Trigger Warning: For discussion of cissexism, specifically transmisogyny.
I’ve been having a number of conversations lately – both because of these reviews and life events – about the frustration that surrounds constructed narratives. The scene at the beginning of this section of The Truth is such a powerful example of that frustration. The people who read The Inquirer not only believe what they are told, but they begin to construct this whole worldview that prevents them from ever questioning the thing they were told in the first place.
The example given here revolves around a fire that The Times reported on. It was obvious that Mr. Hardy had accidentally lit himself on fire, yet The Inquirer made it out to be a Mystery Fire, one that got people convinced that they’d been lied to. It’s a manipulative way of making people feel special, like they were smart enough to realize that they were being lied to. (The irony being, of course, that this all started off with a lie anyway.) So when William tries to report on a fire the next day, this happens:
On making gentle inquiries of a family watching disconsolately as the smoke from the fire was turned to steam, William ascertained that the blaze had been mysteriously caused by mysterious spontaneous combustion in an overflowing mysterious chip pan full of boiling fat.
Now, they could have lied in order to protect themselves from embarrassment over causing their own fire. Even then, why choose the spontaneous combustion angle? Either they exploited it to make themselves part of this narrative, or they began to believe it to make themselves part of this narrative. Nothing is challenged, nothing is questioned, and the world is pushed just a little bit further into the reality described by The Inquirer. So how do you combat that? How do you convince people that what they’ve told themselves is wrong? It’s such a frustrating position to be in, and even William lacks a real solution.
On top of that, William’s got to deal with the undeniable reality of Ankh-Morpork logic. Sometimes it’s funny, but it can also be deeply troubling, like when half the city brings in any ol’ animal they can find in order to claim the reward for finding Vetinari’s dog. (BLESS THE PEOPLE WHO BROUGHT IN THE WRONG SPECIES, especially the person with the parrot.) So you’ve got a populace who is prone to their own special logic and believing the nonsense that the Inquirer peddles.
As if that’s not enough, Pin and Tulip show up to attempt to find the Patrician’s dog. I had hoped that their awful disguises wouldn’t devolve into jokes about men in dresses, but yet again, Pratchett had to say something. This isn’t even the first time he’s made the joke about the size of someone’s hands in this context! So you can’t even claim he’s being original about the transmisogyny. That aside (and seriously, it’s real hard to put that aside), I did enjoy this section for Otto’s role in everything. His new method of reviving himself was brilliant, but I also love that he’s taking a bigger part in the paper.

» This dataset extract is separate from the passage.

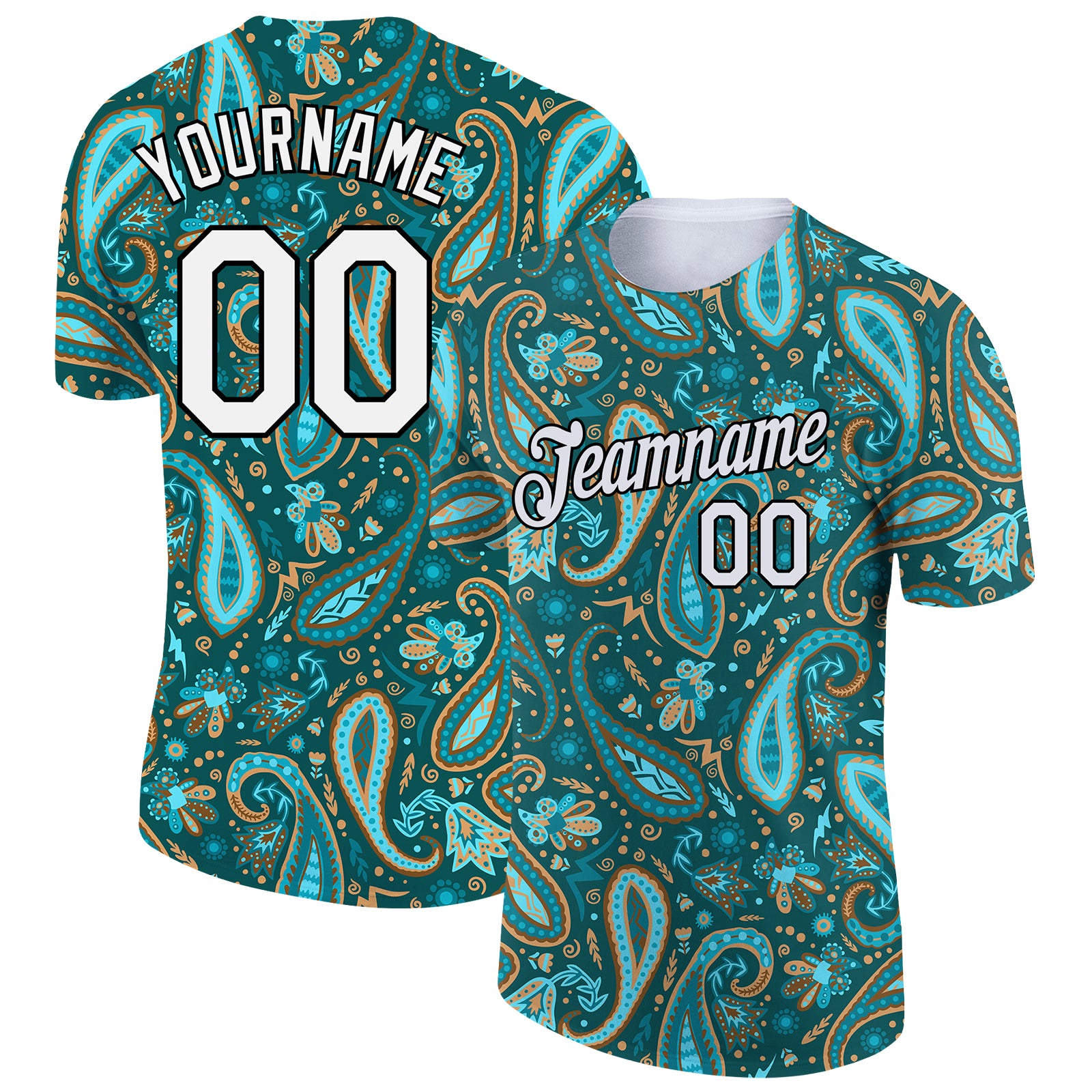 Custom Green White-Black 3D Pattern Floral Design Performance T-Shirt
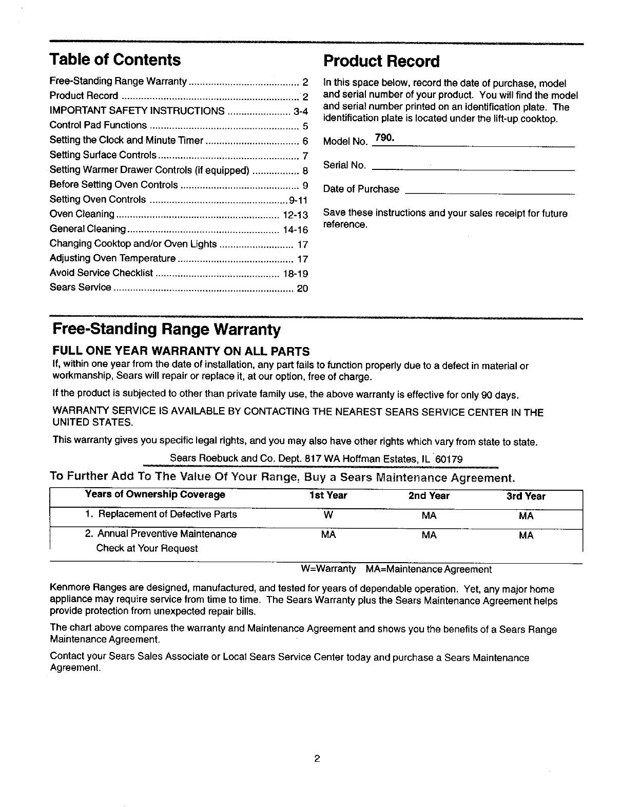 appliance may require service from time to time. The Sears Warranty plus the Sears Maintenance Agreement helps

He is the main reason that Pin and Tulip abandoned the shack, too, since he was able to distract them using his dark light flash. There’s a hint of another conflict here, since the dwarfs are pissed that Otto continues to experiment with dark light, but I’m unsure where this might be leading to. I’m paying attention, though! This dark light stuff wouldn’t be mentioned as much as it has if it weren’t important, y’all.
AND NOW I NEED THE NEXT SECTION BECAUSE I WANT TO KNOW WHAT VIMES’S ANSWER IS TO WILLIAM’S QUESTION.